The largest walleye of 2023 goes to Nick Nicholas with his tremendous 32” walleye boated late in July. What a catch! One of the biggest Perrault has to offer. Our hats off to you Nick. Tom Tahija holds the title for biggest smallmouth bass this year at a whopping 21 inches long. Also caught and released in the last few days of July. Congrats Tom, very well done. Finally, rounding out the Leaderboard’s best is Rick Estrada with his 40.5” northern caught and released way back in the opening week of the season. Cheers to you Rick! A terrific catch!   

The Leaderboard was long this year, filled with accolades representing outstanding adventures and special memories. Once again, congratulations to all the anglers! Thank you all for sharing your stories and photos with us. We are always pleased to share them along. You can check out the Leaderboard on our website and be sure to peek at all of these wonderful photos on Facebook. I’m particularly thankful for all of these photos and a quick few that Mark and I snapped throughout the season. The pace was so hurried this year; so many things were on the go that I feel like only now and I truly appreciating the whole picture. I missed the sparkle on the lake and the bright blue sky behind a happy face with a beautiful fish. The trees were so thick with leafy greenery in the background of group photos on the cedar swing and around our carved eagle. Fall was brilliant this year. I hardly noticed the colorful foliage marking the passing of time as we worked through the progression of cabin 8. Our most sincere thanks go out to our family, friends and guests. Thank you for your support and patience through the hustle. We are grateful for your kindnesses, for helping hands, for the gifts and goodies and for all your considerations. It was a momentous year. We did our best with it! Thank you.
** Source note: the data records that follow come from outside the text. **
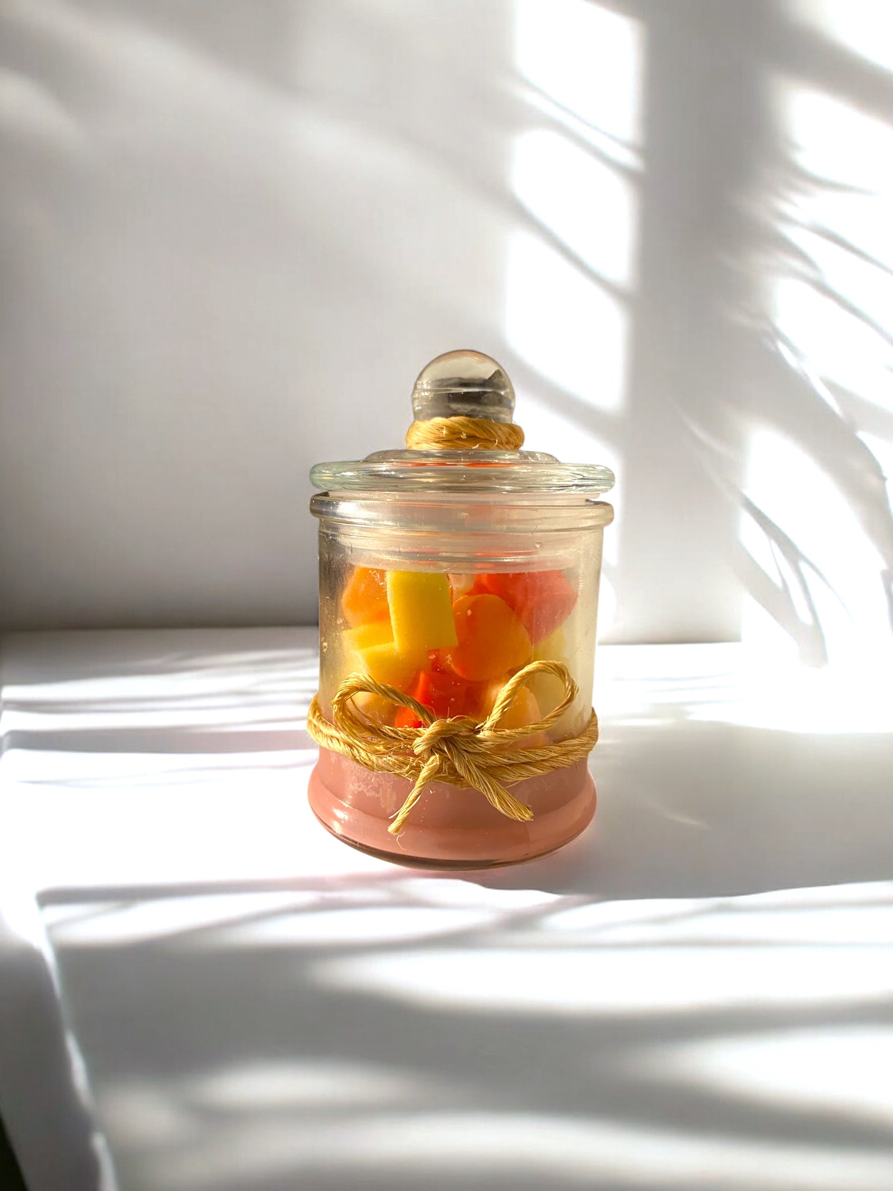 Pequeño tarro de cristal con tapa, con base y corazones aroma Melón.
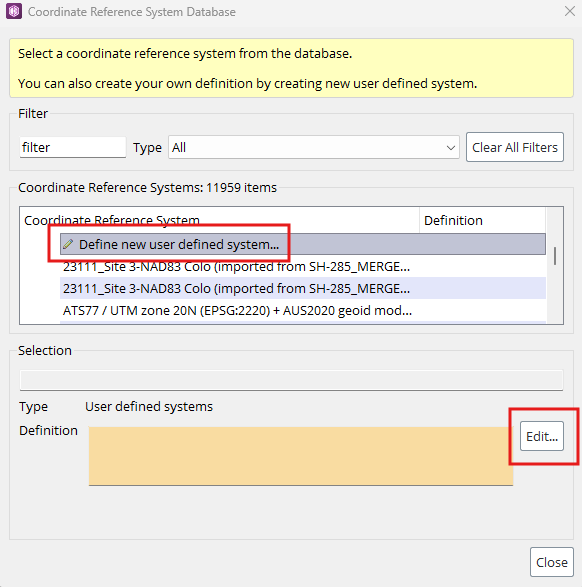 · Click on Edit to define the new coordinate reference system.
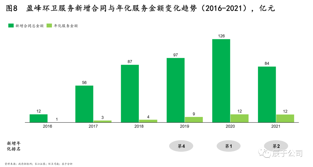 上述“裝備帶動服務”的業(yè)務協同戰(zhàn)略成效顯著,盈峰接連斬獲多個大型環(huán)衛(wèi)項目,如78億的深圳市寶安區(qū)環(huán)衛(wèi)一體化PPP項目、10.3億的淮北市環(huán)衛(wèi)一體化特許經營項目等。憑著“拿大單”“拿明星項目”,盈峰的環(huán)衛(wèi)服務業(yè)務發(fā)展迅速,近年來在環(huán)衛(wèi)業(yè)務市場的地位也有了顯著提升(見圖8)。增量來看,2020年,盈峰環(huán)境環(huán)衛(wèi)服務新增合同總額、新增年化合同額均位列全國前列;存量來看,截至2021年,盈峰環(huán)境運營的環(huán)衛(wèi)服務項目累計合同總額達到459億,待執(zhí)行合同總額達383億,位居行業(yè)前三,可持續(xù)經營能力名列前茅。

So, what does the New Year have in store for us? Other than finishing cabin 8 of course… Hockey! Back when I said, “We did almost nothing but build cabin 8 through the fall,” hockey is the “almost nothing” part. When in Rome, right! Or should I say, when in Canada eh! Through the fall hockey slowly crept into our schedule and for the foreseeable future it will occupy the majority of our evenings and weekends. Jack and Carmen want nothing more than to lace up and skate. The kids are so patient, helpful and understanding of our family responsibilities through the season. This is their time to shine! They’re great players and excellent competitors. Jack plays defense and Carmen is a center for the Ear Falls Eagles. Jack also plays for a second team, the Red Lake Rockets. We are so very proud of the kids. Both have earned MVP awards, numerous player of the game tokens and the honor of wearing the hard work hat! We run all over NW Ontario from arena to arena for practices, games and tournaments because they love it! Mark and I are learning all kinds of important things too, like how long it takes to get to Sioux Lookout in a snow storm and which arena concession makes the best hot dogs or taco in a bag. The season runs through March. With any luck we’ll finish cabin 8 while the kids are in school and hockey will wrap up just in time for Mark and I to pick our next project on that list! So, if you’re calling and you get a message, were either running a table saw or driving up and down the 105. I promise, I will call you back. Go Eagles! Go Rockets!

In all of these events, I did not mention Lucy. Our pup. She is doing great. She had a wonderful time this season hanging with the kids on the docks and looking for snacks and snuggles at the cabin doors. I know that she too is very much looking forward to seeing everyone again in the spring. We all are. The winter months are flying by. As I bring this year’s letter to a close the solstice is upon us, longer days ahead. Yay!

We send our warmest wishes, greatest thanks and kindest regards that you all share in a joyous holiday season with family and friends. If I have learned anything this year it is that we are greatest when we work together and there is no time like the present. Make every minute count!

Coming to you from an arena somewhere in NW Ontario, Merry Christmas & Happy New Year!